_WORK ITEM_. Set the data down again, exactly as it reads, but without the pictures.

_GIVEN DATA_.

Segment Open

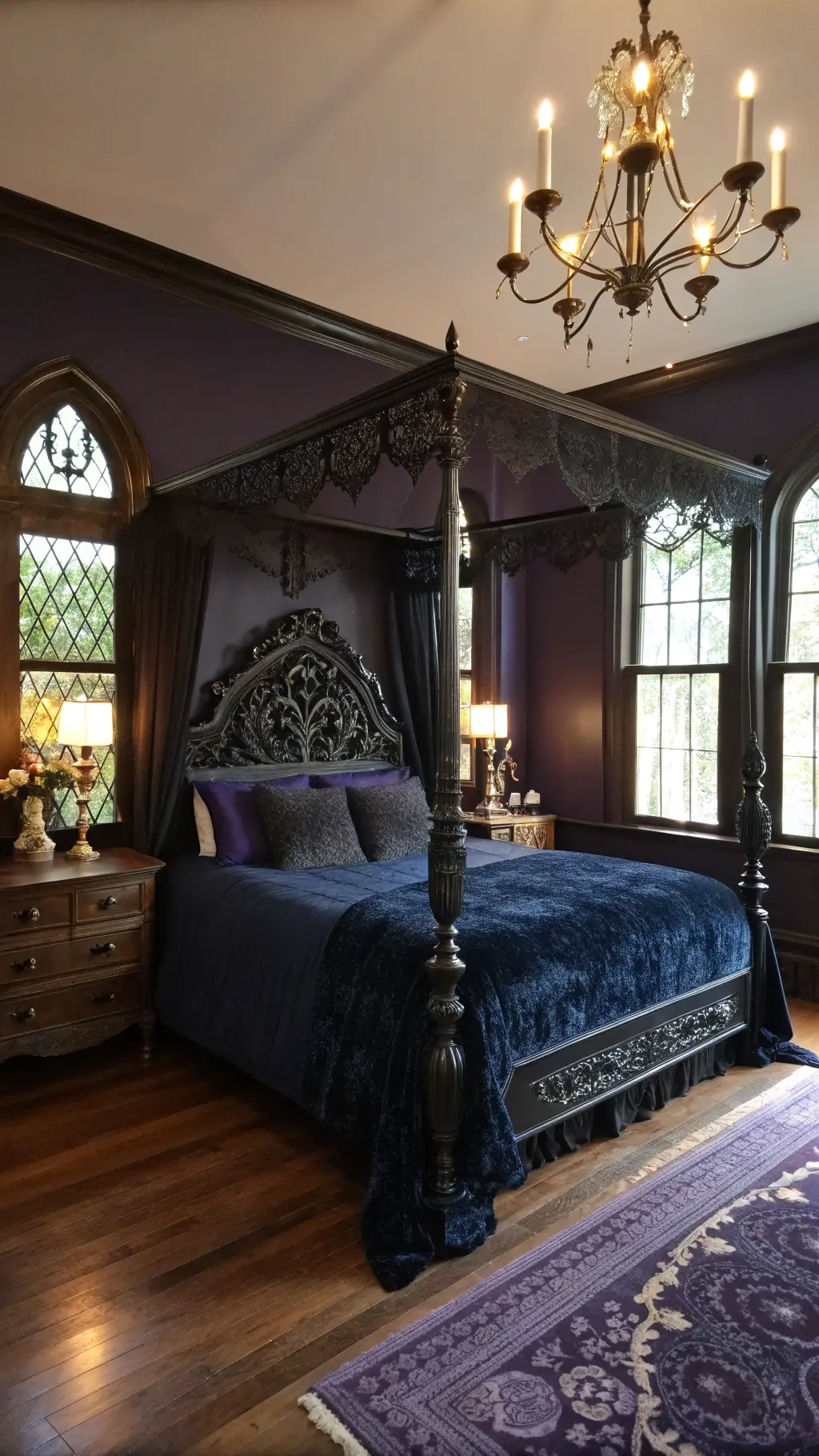 - Black lace canopy bed
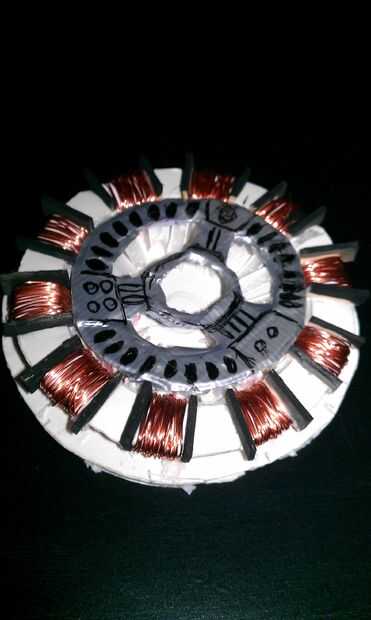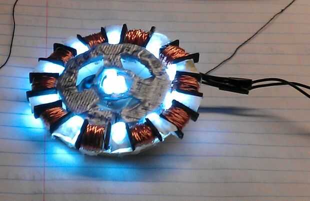 5. envuelva los cuadros de cartón pluma en cable de cobre desnudo. Colocar los rectángulos de madera negros a cada lado, como se muestra en la imagen. Esto hace que cada pieza de electroimán. Hacer 10 de estas y caliente pegamento en la parte superior la resistencia. Ligeramente los LEDs de la arena para hacerlos a la difusa luz mejor (esto aumenta su brillo aparente). Piezas de pegamento caliente luego de papel encima de los LEDs. Usar más pegamento en el papel para estabilizar las piezas. Compruebe que se enciende correctamente.
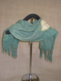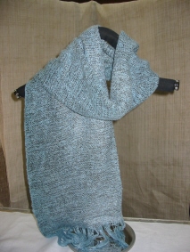 藍のむら染めの糸と白糸を横糸に織られました。

Segment Closed

_RESULT OF THE EXERCISE_.
 - Black lace canopy bed
 5. envuelva los cuadros de cartón pluma en cable de cobre desnudo. Colocar los rectángulos de madera negros a cada lado, como se muestra en la imagen. Esto hace que cada pieza de electroimán. Hacer 10 de estas y caliente pegamento en la parte superior la resistencia. Ligeramente los LEDs de la arena para hacerlos a la difusa luz mejor (esto aumenta su brillo aparente). Piezas de pegamento caliente luego de papel encima de los LEDs. Usar más pegamento en el papel para estabilizar las piezas. Compruebe que se enciende correctamente.
 藍のむら染めの糸と白糸を横糸に織られました。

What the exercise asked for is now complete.